Date: Tue, 21 May 2019 09:31:02 +0200

Subject: [PATCH 204/208] lib:crypto: Allow py_crypto to use RC4 in FIPS mode

This is a public functions, so it can be consumed by others. E.g.

FreeIPA is using it to establish trusts.
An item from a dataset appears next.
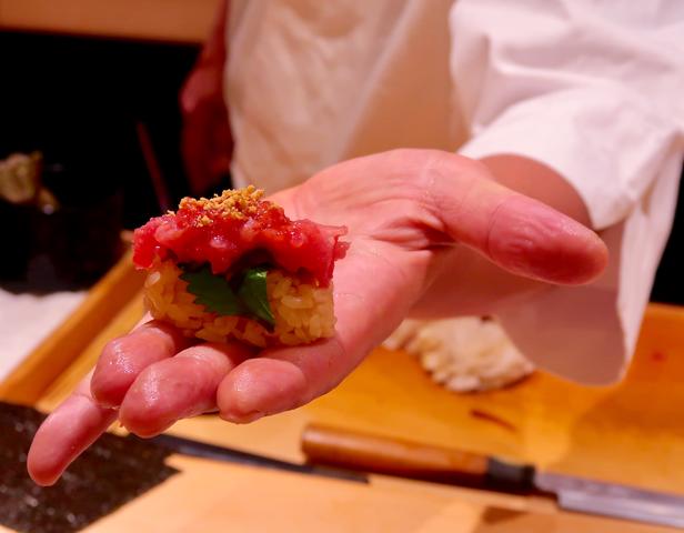 赤酢と白酢を合わせたシャリは握らずふわっと。

Not sure if this is

a problem with FIPS.

Signed-off-by: Andreas Schneider <asn@samba.org>

---

 lib/crypto/py_crypto.c | 9 ++++++++-

 1 file changed, 8 insertions(+), 1 deletion(-)

diff --git a/lib/crypto/py_crypto.c b/lib/crypto/py_crypto.c

index c85cd2c13d2..f4b5b745daf 100644

--- a/lib/crypto/py_crypto.c

+++ b/lib/crypto/py_crypto.c

@@ -22,7 +22,7 @@

 #include "includes.h"

 #include "python/py3compat.h"

-#include <gnutls/gnutls.h>

+#include "gnutls_helpers.h"

 #include <gnutls/crypto.h>

 static PyObject *py_crypto_arcfour_crypt_blob(PyObject *module, PyObject *args)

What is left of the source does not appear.